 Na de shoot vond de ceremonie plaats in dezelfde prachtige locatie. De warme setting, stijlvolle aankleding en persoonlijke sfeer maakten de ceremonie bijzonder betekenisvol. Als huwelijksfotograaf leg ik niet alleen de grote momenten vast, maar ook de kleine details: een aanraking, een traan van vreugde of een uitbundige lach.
---
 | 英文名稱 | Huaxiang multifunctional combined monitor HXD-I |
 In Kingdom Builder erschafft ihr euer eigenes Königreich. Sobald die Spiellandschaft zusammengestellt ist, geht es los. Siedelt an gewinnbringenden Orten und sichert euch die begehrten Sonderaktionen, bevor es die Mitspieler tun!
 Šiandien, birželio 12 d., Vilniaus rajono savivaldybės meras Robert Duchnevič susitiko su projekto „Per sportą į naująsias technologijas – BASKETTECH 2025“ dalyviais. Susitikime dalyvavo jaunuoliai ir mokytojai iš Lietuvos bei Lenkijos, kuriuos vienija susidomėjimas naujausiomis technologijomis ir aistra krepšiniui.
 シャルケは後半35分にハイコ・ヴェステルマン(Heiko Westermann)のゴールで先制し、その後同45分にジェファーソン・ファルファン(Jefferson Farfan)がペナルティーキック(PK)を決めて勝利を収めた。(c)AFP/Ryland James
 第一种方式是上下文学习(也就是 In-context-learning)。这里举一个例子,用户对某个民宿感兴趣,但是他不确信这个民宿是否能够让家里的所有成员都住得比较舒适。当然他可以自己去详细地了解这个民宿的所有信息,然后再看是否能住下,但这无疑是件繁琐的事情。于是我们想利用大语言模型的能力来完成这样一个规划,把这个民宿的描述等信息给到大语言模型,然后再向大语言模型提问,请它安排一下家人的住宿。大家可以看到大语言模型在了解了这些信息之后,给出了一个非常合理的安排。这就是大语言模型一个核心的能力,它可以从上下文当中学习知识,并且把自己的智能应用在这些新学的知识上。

* [What is needed] From the material above, copy exactly the lines between the line holding "monitor HXD-I |" and the line holding "第一种方式是上下文学习(也就", inclusive, and only those.

* [Output for this exercise]
 | 英文名稱 | Huaxiang multifunctional combined monitor HXD-I |
 In Kingdom Builder erschafft ihr euer eigenes Königreich. Sobald die Spiellandschaft zusammengestellt ist, geht es los. Siedelt an gewinnbringenden Orten und sichert euch die begehrten Sonderaktionen, bevor es die Mitspieler tun!
 Šiandien, birželio 12 d., Vilniaus rajono savivaldybės meras Robert Duchnevič susitiko su projekto „Per sportą į naująsias technologijas – BASKETTECH 2025“ dalyviais. Susitikime dalyvavo jaunuoliai ir mokytojai iš Lietuvos bei Lenkijos, kuriuos vienija susidomėjimas naujausiomis technologijomis ir aistra krepšiniui.
 シャルケは後半35分にハイコ・ヴェステルマン(Heiko Westermann)のゴールで先制し、その後同45分にジェファーソン・ファルファン(Jefferson Farfan)がペナルティーキック(PK)を決めて勝利を収めた。(c)AFP/Ryland James
 第一种方式是上下文学习(也就是 In-context-learning)。这里举一个例子,用户对某个民宿感兴趣,但是他不确信这个民宿是否能够让家里的所有成员都住得比较舒适。当然他可以自己去详细地了解这个民宿的所有信息,然后再看是否能住下,但这无疑是件繁琐的事情。于是我们想利用大语言模型的能力来完成这样一个规划,把这个民宿的描述等信息给到大语言模型,然后再向大语言模型提问,请它安排一下家人的住宿。大家可以看到大语言模型在了解了这些信息之后,给出了一个非常合理的安排。这就是大语言模型一个核心的能力,它可以从上下文当中学习知识,并且把自己的智能应用在这些新学的知识上。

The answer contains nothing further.